Immunotherapy to improve cognition and reduce pathological species in an Alzheimer's disease mouse model

Background: Alzheimer's disease (AD) is characterized by physiologically endogenous proteins amyloid beta (A beta) and tau undergoing a conformational change and accumulating as soluble oligomers and insoluble aggregates. Tau and A beta soluble oligomers, which contain extensive beta-sheet secondary structure, are thought to be the most toxic forms. The objective of this study was to determine the ability of TWF9, an anti-beta-sheet conformation antibody (a beta ComAb), to selectively recognize pathological A beta and phosphorylated tau in AD human tissue compared with cognitively normal age-matched controls and to improve the performance of old 3xTg-AD mice with advanced pathology in behavioral testing after acute treatment with TWF9. Methods: In this study, we used immunohistochemistry, immunoprecipitation, and enzyme-linked immunosorbent assay (ELISA) to characterize TWF9 specificity. We further assessed cognitive performance in old (18-22 months) 3xTg-AD mice using both a Barnes maze and novel object recognition after intraperitoneal administration of TWF9 (4 mg/kg) biweekly for 2 weeks before the start of behavioral testing.
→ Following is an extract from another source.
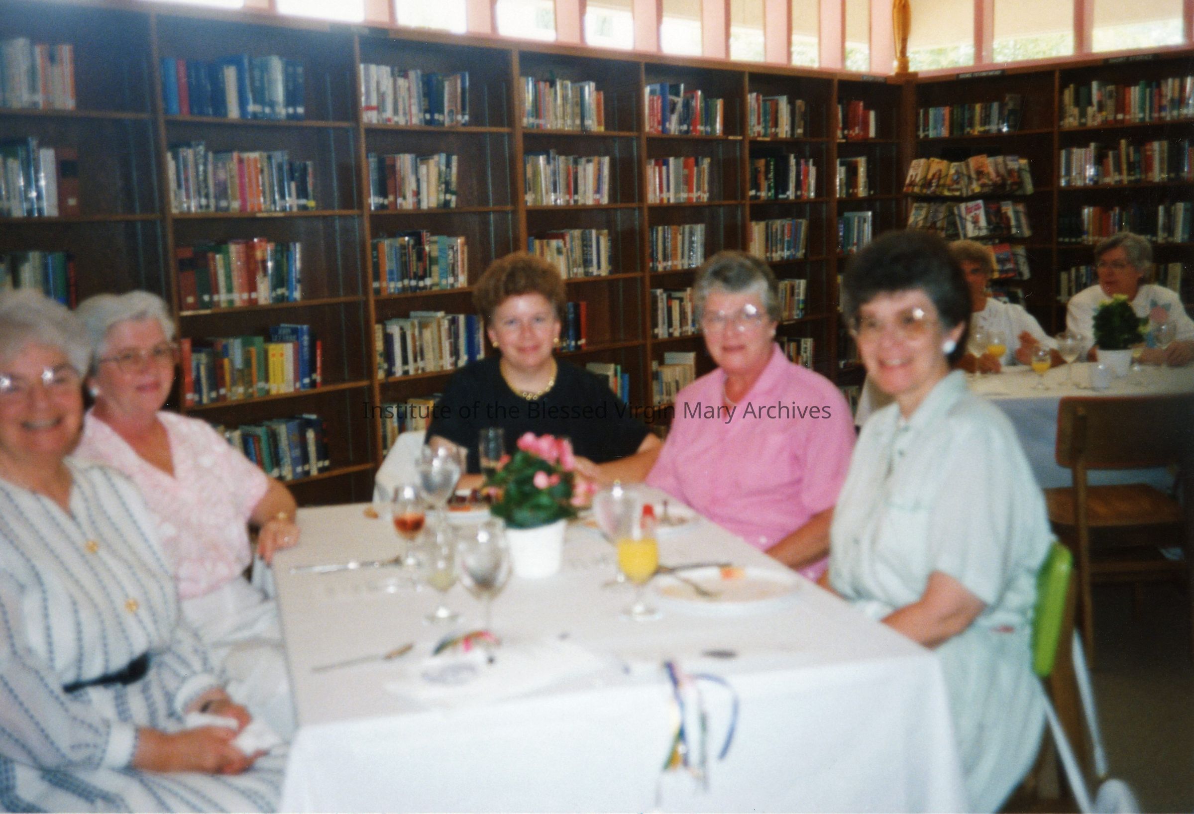 Gathering for Sister Jean Frye at Loretto High School in Sacramento, California. From left to right are unidentified, Sister Mary Ellen (Roland) Beck, Sister Helen Timothy, unidentified and Sister Arlene (Alma) Connolly. The event took place in the school's library.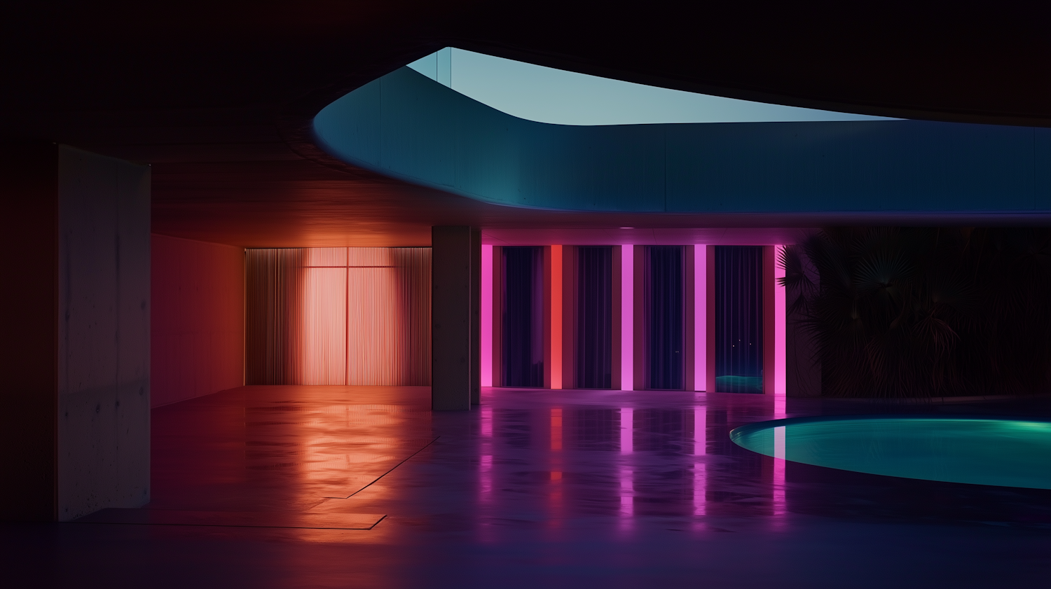 Modern space with vibrant lighting, featuring a circular pool and colorful light strips creating a futuristic ambiance.

Injections continued for the duration of the behavioral testing, which lasted 2 weeks. Results: Histological analysis of TWF9 in formalin-fixed paraffin-embedded human control and AD (ABC score: A3B3C3) brain tissue revealed preferential cytoplasmic immunoreactivity in neurons in the AD tissue compared with controls (p < 0.05). Furthermore, ELISA using oligomeric and monomeric A beta showed a preferential affinity for oligomeric A beta. Immunoprecipitation studies showed that TWF9 extracted both phosphorylated tau (p < 0.01) and A beta (p < 0.01) from fresh frozen brain tissues. Results show that treated old 3xTg-AD mice have an enhanced novel object recognition memory (p < 0.01) and Barnes maze performance (p = 0.05) compared with control animals. Overall plaque burden, neurofibrillary tangles, microgliosis, and astrocytosis remained unchanged. Soluble phosphorylated tau was significantly reduced in TWF9-treated mice (p < 0.05), and there was a trend for a reduction in soluble A beta levels in the brain homogenates of female 3xTg-AD mice (p = 0.06). Conclusions: This study shows that acute treatment with an a beta ComAb can effectively improve performance in behavioral testing without reduction of amyloid plaque burden, and that peripherally administered IgG can affect levels of pathological species in the brain.